Sometimes made with mint, the drink is particularly served as a social occasion after meals, and it's the beverage that is typically offered to friends and visitors. Drinking attaya is seen to promote conversation and maintain friendship because it takes a long time to prepare properly. Indeed, some authors have referenced the act of making ataya as a form of practical relaxation along with meditation and yoga.

Senegalese-style attaya is served in three separate stages, called "the three concoctions":
Chinese green tea leaves are put into the teapot with some water and mint leaves and boiled over a charcoal stove. Sugar is added to the teapot and the tea is poured into small glasses of a certain height and then poured back and forth from the glass to the teapot several times so that foam appears in the glass. The thicker the foam, the better the tea.

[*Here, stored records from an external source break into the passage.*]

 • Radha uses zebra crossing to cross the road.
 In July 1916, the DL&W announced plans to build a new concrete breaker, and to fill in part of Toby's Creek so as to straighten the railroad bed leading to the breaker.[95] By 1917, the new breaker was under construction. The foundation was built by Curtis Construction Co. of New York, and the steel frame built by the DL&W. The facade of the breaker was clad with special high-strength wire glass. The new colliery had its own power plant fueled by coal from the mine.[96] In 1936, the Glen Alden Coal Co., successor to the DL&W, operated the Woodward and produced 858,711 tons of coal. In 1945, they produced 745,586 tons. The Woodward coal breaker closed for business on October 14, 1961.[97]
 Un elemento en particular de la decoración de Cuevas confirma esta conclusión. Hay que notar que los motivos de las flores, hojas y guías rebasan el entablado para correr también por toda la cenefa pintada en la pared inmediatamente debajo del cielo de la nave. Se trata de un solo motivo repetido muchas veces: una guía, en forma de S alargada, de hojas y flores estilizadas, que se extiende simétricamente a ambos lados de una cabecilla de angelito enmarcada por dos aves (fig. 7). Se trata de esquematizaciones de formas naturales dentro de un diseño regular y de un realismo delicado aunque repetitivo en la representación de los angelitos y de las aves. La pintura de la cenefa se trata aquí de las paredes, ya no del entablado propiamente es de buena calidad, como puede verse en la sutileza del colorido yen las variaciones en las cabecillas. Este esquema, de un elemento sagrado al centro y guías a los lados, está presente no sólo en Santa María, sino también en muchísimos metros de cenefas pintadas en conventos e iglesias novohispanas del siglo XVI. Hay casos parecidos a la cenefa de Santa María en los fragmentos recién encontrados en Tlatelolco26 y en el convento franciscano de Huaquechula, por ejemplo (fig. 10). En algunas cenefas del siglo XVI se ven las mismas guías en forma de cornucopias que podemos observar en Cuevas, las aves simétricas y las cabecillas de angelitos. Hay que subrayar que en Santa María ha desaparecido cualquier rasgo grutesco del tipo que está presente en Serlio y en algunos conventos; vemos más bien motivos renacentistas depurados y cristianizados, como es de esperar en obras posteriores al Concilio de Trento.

One cookbook of African recipes recommends serving the tea immediately with a generous amount of sugar:

The Western African style of serving involves holding the tea pot high above the table and pouring the hot tea at least twelve inches through the air into small glasses. (Glasses made of glass, not porcelain cups.) If the sugar is added to the pot, the tea is sometimes poured from the glasses back into the pot (before anyone has sipped) and the process is repeated. This mixes the sugar into the tea. Western Africans generally drink their tea very sweet.

The first glass has been described as having an intense sweetness that cancels out a strident tannic bitterness to give a shot that is almost narcotic in its effect. The second glass is sweeter and the third is very sweet but much reduced in its bitterness because the same leaves are used to prepare all three glasses.

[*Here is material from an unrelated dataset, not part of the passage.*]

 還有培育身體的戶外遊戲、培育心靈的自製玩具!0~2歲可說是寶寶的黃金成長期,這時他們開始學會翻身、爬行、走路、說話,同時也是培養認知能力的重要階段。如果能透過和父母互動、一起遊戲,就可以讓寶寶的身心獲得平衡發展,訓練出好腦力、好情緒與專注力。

Words used in various ethnic languages to refer to the tea, the tiny metal teapot and the mint are typically borrowed from Arabic, pointing to the idea that Senegalese mint tea is of Moorish origin.

More than 80% of the population from 15 to 60 years of age drink tea. Studies have shown that due to the high concentration of fluoride in green tea, the practice may aid in preventing dental diseases, specifically dental caries.

==In music==
The cultural importance of Senegalese tea drinking was underlined in the song Ataya, a track on Ismaël Lô's 1986 album, Natt.